Your instructions >>
Copy the final lines exactly, starting at the one that contains "Foto: Reprodução/Redes SociaisParece" and ending with the last line of the listing below. Pictures are not part of the copy.

Given information >>

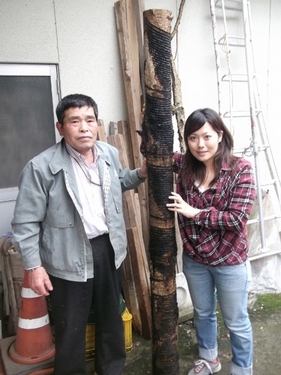 雨の日は掻き傷からバイ菌が入り、木が腐ってしまうため 漆を掻くことができないそうですが、 雨の日は、下草を刈ったりと足場を整えるなど 本当に休む暇がありません。 『 漆一滴 血の一滴 』 そんな秋田さんの言葉が印象的でした。 ![]() 漆が流す樹液は、人間でいう血と一緒です。
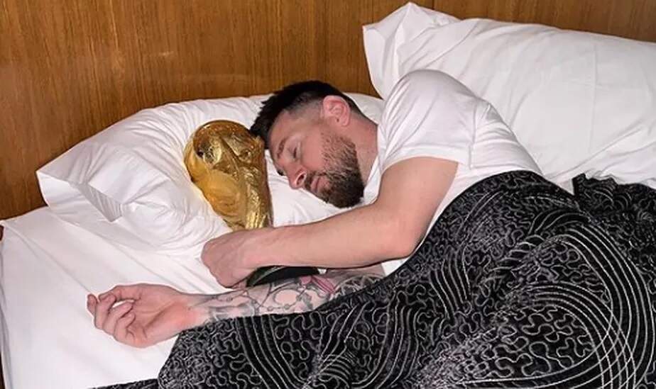Foto: Reprodução/Redes SociaisParece que Lionel Messi não quer mesmo desgrudar da Copa do Mundo. A taça conquistada pelo Argentina, no último domingo, passou, pelo menos uma noite, na cama dele. Messi “dormiu com o troféu” e publicou uma foto em suas redes sociais. Mais de 20 milhões de pessoas curtiram sua postagem até agora.
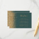 The left-hand edge of this elegant modern wedding reception enclosure card features a gold faux glitter design. The customisable text combines gold-coloured handwriting, copperplate and italic fonts on a dark green background. The reverse side features a matching green and gold glitter design.
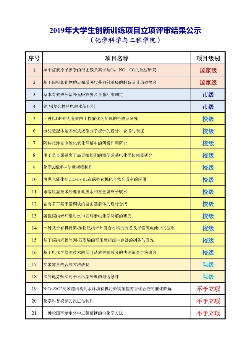 2019年老员工创新训练项目立项评审结果公示

Result below >>
Foto: Reprodução/Redes SociaisParece que Lionel Messi não quer mesmo desgrudar da Copa do Mundo. A taça conquistada pelo Argentina, no último domingo, passou, pelo menos uma noite, na cama dele. Messi “dormiu com o troféu” e publicou uma foto em suas redes sociais. Mais de 20 milhões de pessoas curtiram sua postagem até agora.
 The left-hand edge of this elegant modern wedding reception enclosure card features a gold faux glitter design. The customisable text combines gold-coloured handwriting, copperplate and italic fonts on a dark green background. The reverse side features a matching green and gold glitter design.
 2019年老员工创新训练项目立项评审结果公示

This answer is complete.